In [1]:
# ─── Step 1: Organize raw images into train/val/test folders ───
import shutil
from pathlib import Path
from sklearn.model_selection import train_test_split

# Define source and target directories
SOURCE_DIR = Path("../data/raw")      # original data
TARGET_DIR = Path("../data/split")    # new location for train/val/test folders

# Create split folders
for split in ["train", "val", "test"]:
    for class_name in ["rock", "paper", "scissors"]:
        (TARGET_DIR / split / class_name).mkdir(parents=True, exist_ok=True)

# Get all images and labels
all_images = list(SOURCE_DIR.glob("*/*.png"))
labels = [img.parent.name for img in all_images]

# Stratified split: 80% train, 10% val, 10% test
train_val_imgs, test_imgs, train_val_labels, test_labels = train_test_split(
    all_images, labels, stratify=labels, test_size=0.1, random_state=42
)
train_imgs, val_imgs, train_labels, val_labels = train_test_split(
    train_val_imgs, train_val_labels, stratify=train_val_labels, test_size=0.1111, random_state=42
) 

# Helper function to copy images into new folders
def copy_images(image_paths, labels, split_name):
    for img_path, label in zip(image_paths, labels):
        dst = TARGET_DIR / split_name / label / img_path.name
        shutil.copy(img_path, dst)

# Perform the actual copying
copy_images(train_imgs, train_labels, "train")
copy_images(val_imgs, val_labels, "val")
copy_images(test_imgs, test_labels, "test")

print("Image splitting and copying complete.")

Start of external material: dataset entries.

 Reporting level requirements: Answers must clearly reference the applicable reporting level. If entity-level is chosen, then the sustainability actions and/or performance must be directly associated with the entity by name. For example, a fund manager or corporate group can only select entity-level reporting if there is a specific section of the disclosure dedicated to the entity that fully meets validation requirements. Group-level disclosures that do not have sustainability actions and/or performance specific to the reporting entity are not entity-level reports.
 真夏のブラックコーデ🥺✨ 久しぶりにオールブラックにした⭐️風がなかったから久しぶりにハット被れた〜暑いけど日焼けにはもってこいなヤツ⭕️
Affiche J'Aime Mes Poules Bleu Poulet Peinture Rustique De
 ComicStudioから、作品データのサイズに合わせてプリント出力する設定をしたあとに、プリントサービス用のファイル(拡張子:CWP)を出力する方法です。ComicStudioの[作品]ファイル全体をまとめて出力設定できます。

# ─── Step 2: Setup Image Parameters and Load with TensorFlow ───
import tensorflow as tf

# Constants
IMG_SIZE = (150, 150)
BATCH_SIZE = 32
classes = ["rock", "paper", "scissors"]

# Base directory for the new dataset
DATA_DIR = TARGET_DIR

# Load datasets using image_dataset_from_directory
train_ds = tf.keras.preprocessing.image_dataset_from_directory(
    DATA_DIR / "train",
    labels='inferred',
    label_mode='int',
    image_size=IMG_SIZE,
    batch_size=BATCH_SIZE,
    shuffle=True,
    seed=123
)

val_ds = tf.keras.preprocessing.image_dataset_from_directory(
    DATA_DIR / "val",
    labels='inferred',
    label_mode='int',
    image_size=IMG_SIZE,
    batch_size=BATCH_SIZE,
    shuffle=False
)

test_ds = tf.keras.preprocessing.image_dataset_from_directory(
    DATA_DIR / "test",
    labels='inferred',
    label_mode='int',
    image_size=IMG_SIZE,
    batch_size=BATCH_SIZE,
    shuffle=False
)

# ─── Step 3: Normalize Pixel Values ───
from tensorflow.keras import layers

# Normalization layer: rescales [0,255] → [0,1]
normalization_layer = layers.Rescaling(1./255)

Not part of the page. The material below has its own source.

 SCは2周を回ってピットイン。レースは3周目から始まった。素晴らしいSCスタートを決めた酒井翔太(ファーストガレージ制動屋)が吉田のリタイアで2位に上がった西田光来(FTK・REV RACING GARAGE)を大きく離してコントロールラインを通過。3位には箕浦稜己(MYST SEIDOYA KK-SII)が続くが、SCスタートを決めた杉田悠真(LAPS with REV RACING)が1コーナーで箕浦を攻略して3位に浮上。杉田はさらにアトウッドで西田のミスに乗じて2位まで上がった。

# Apply normalization via map (this keeps the datasets lazy/efficient)
train_ds = train_ds.map(lambda x, y: (normalization_layer(x), y))
val_ds   = val_ds.map(lambda x, y: (normalization_layer(x), y))
test_ds  = test_ds.map(lambda x, y: (normalization_layer(x), y))

# ─── Step 4: Dataset Performance Optimizations ───
AUTOTUNE = tf.data.AUTOTUNE

train_ds = train_ds.cache().prefetch(buffer_size=AUTOTUNE)
val_ds   = val_ds.cache().prefetch(buffer_size=AUTOTUNE)
test_ds  = test_ds.cache().prefetch(buffer_size=AUTOTUNE)

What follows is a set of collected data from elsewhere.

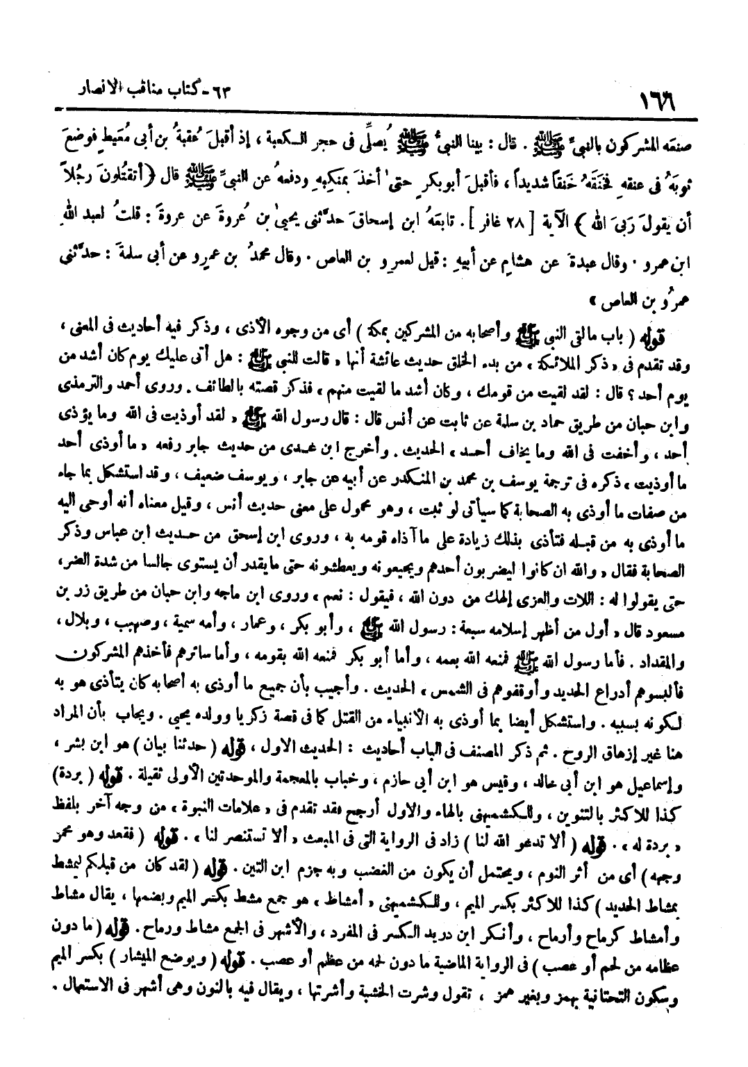 أَي من وُجُوه الْأَذَى وَذَكَرَ فِيهِ أَحَادِيثَ فِي الْمَعْنَى وَقَدْ تَقَدَّمَ فِي ذِكْرِ الْمَلَائِكَةِ مِنْ بَدْءِ الْخَلْقِ حَدِيثُ عَائِشَةَ أَنَّهَا قَالَتْ لِلنَّبِيِّ صَلَّى اللَّهُ عَلَيْهِ وَسَلَّمَ هَلْ أَتَى عَلَيْكَ يَوْمٌ كَانَ أَشَدَّ مِنْ يَوْمِ أُحُدٍ قَالَ لَقَدْ لَقِيتُ من قَوْمك وَكَانَ أَشد مالقيت مِنْهُمْ فَذَكَرَ قِصَّتَهُ بِالطَّائِفِ وَرَوَى أَحْمَدُ وَالتِّرْمِذِيُّ وبن حِبَّانَ مِنْ طَرِيقِ حَمَّادُ بْنُ سَلَمَةَ عَنْ ثَابِتٍ عَنْ أَنَسٌ قَالَ قَالَ رَسُولُ اللَّهِ صَلَّى اللَّهُ عَلَيْهِ وَسَلَّمَ لَقَدْ أُوذِيتُ فِي اللَّهِ وَمَا يُؤْذَى أَحَدٌ وَأُخِفْتُ فِي اللَّهِ وَمَا يخَاف أحد الحَدِيث واخرج بن عَدِيٍّ مِنْ حَدِيثِ جَابِرٍ رَفَعَهُ مَا أُوذِيَ أَحَدٌ مَا أُوذِيتُ ذَكَرَهُ فِي تَرْجَمَةِ يُوسُفَ بْنِ مُحَمَّدِ بْنِ الْمُنْكَدِرِ عَنْ أَبِيهِ عَنْ جَابِرٍ وَيُوسُفُ ضَعِيفٌ وَقَدِ اسْتُشْكِلَ بِمَا جَاءَ مِنْ صِفَاتِ مَا أُوذِيَ بِهِ الصَّحَابَةُ كَمَا سَيَأْتِي لَوْ ثَبَتَ وَهُوَ مَحْمُولٌ عَلَى مَعْنَى حَدِيثِ أَنَسٍ وَقِيلَ مَعْنَاهُ أَنَّهُ أُوحِيَ إِلَيْهِ مَا أُوذِيَ بِهِ مَنْ قَبْلَهُ فَتَأَذَّى بِذَلِكَ زِيَادَةً عَلَى مَا آذَاهُ قَوْمُهُ بِهِ وَرَوَى بن إِسْحَاق من حَدِيث بن عَبَّاس وَذكر الصَّحَابَة فَقَالَ وَالله ان كَانُوا لَيَضْرِبُونَ أَحَدَهُمْ وَيُجِيعُونَهُ وَيُعَطِّشُونَهُ حَتَّى مَا يَقْدِرُ أَنْ يَسْتَوِيَ جَالِسًا مِنْ شِدَّةِ الضَّرِّ حَتَّى يَقُولُوا لَهُ اللَّاتُ وَالْعُزَّى إِلَهُكَ مِنْ دون الله فَيَقُول نعم وروى بن ماجة وبن حِبَّانَ مِنْ طَرِيقِ زِرِّ بْنِ مَسْعُودٍ قَالَ أَوَّلُ مَنْ أَظْهَرَ إِسْلَامَهُ سَبْعَةٌ رَسُولُ اللَّهِ صَلَّى اللَّهُ عَلَيْهِ وَسَلَّمَ وَأَبُو بَكْرٍ وَعَمَّارٌ وَأُمُّهُ سُمَيَّةُ وَصُهَيْبٌ وَبِلَالٌ وَالْمِقْدَادُ فَأَمَّا رَسُولُ اللَّهِ صَلَّى اللَّهُ عَلَيْهِ وَسَلَّمَ فَمَنَعَهُ اللَّهُ بِعَمِّهِ وَأَمَّا أَبُو بَكْرٍ فَمَنَعَهُ اللَّهُ بِقَوْمِهِ وَأَمَّا سَائِرُهُمْ فَأَخَذَهُمُ الْمُشْرِكُونَ فَأَلْبَسُوهُمْ أَدْرَاعَ الْحَدِيدِ وَأَوْقَفُوهُمْ فِي الشَّمْسِ الْحَدِيثَ وَأُجِيبَ بِأَنَّ جَمِيعَ مَا أُوذِيَ بِهِ أَصْحَابُهُ كَانَ يَتَأَذَّى هُوَ بِهِ لِكَوْنِهِ بِسَبَبِهِ وَاسْتُشْكِلَ أَيْضًا بِمَا أُوذِيَ بِهِ الْأَنْبِيَاءُ مِنَ الْقَتْلِ كَمَا فِي قِصَّةِ زَكَرِيَّا وَوَلَدِهِ يَحْيَى وَيُجَابُ بِأَنَّ الْمُرَادَ هُنَا غَيْرُ إِزْهَاقِ الرُّوحِ ثَمَّ ذَكَرَ الْمُصَنِّفُ فِي الْبَابِ أَحَادِيثَ الْحَدِيثُ الْأَوَّلُ
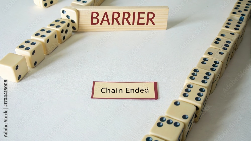 Fototapeta na wymiar - Wooden Barrier and Dominoes Indicating Chain Ended in Game Setup.
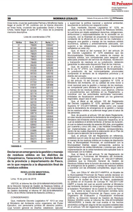 Mediante la presente resolución ministerial se declara en emergencia la gestión y manejo de residuos sólidos en los distritos de Chaupimarca, Yanacancha y Simón Bolívar de la provincia y departamento de Pasco, en lo que respecta a la disposición final de residuos sólidos, en lo que respecta a la disposición final de residuos sólidos, por un plazo de sesenta (60) días calendario, por las razones expuestas en la parte considerativa de la presente Resolución Ministerial.
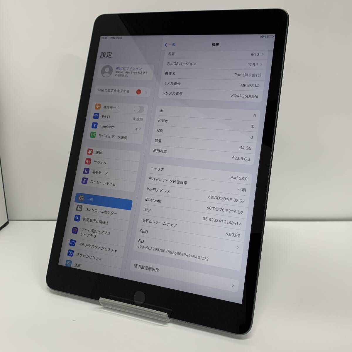 iPad9 Wi-Fi+Cellular MHGP3J/A 64GB スペースグレイ A2604 No.E9 【1円スタート!当日発送】
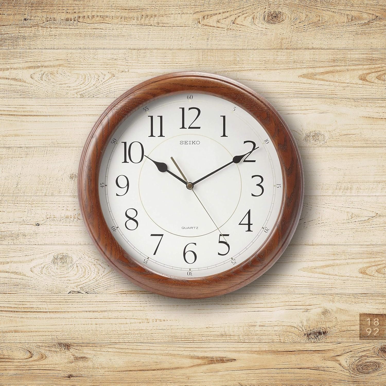 This dark brown solid oak clock with Arabic Numbers and quiet sweep is 13 inches round and brings warmth and sophistication to the home as well as office space. Classically designed, it features a brown case with a wooden grain finish, glass cover, and a quiet sweep second hand. Powered by 1 AA battery (included). Overall dimensions: 13 X 13 X 1.5 inches. All Seiko clocks are equipped with quartz movement making it the most accurate at time keeping.

print("Datasets prepared and optimized for training.")


Image splitting and copying complete.
Found 1750 files belonging to 3 classes.
Found 219 files belonging to 3 classes.
Found 219 files belonging to 3 classes.
Instructions for updating:
Lambda fuctions will be no more assumed to be used in the statement where they are used, or at least in the same block. https://github.com/tensorflow/tensorflow/issues/56089
Datasets prepared and optimized for training.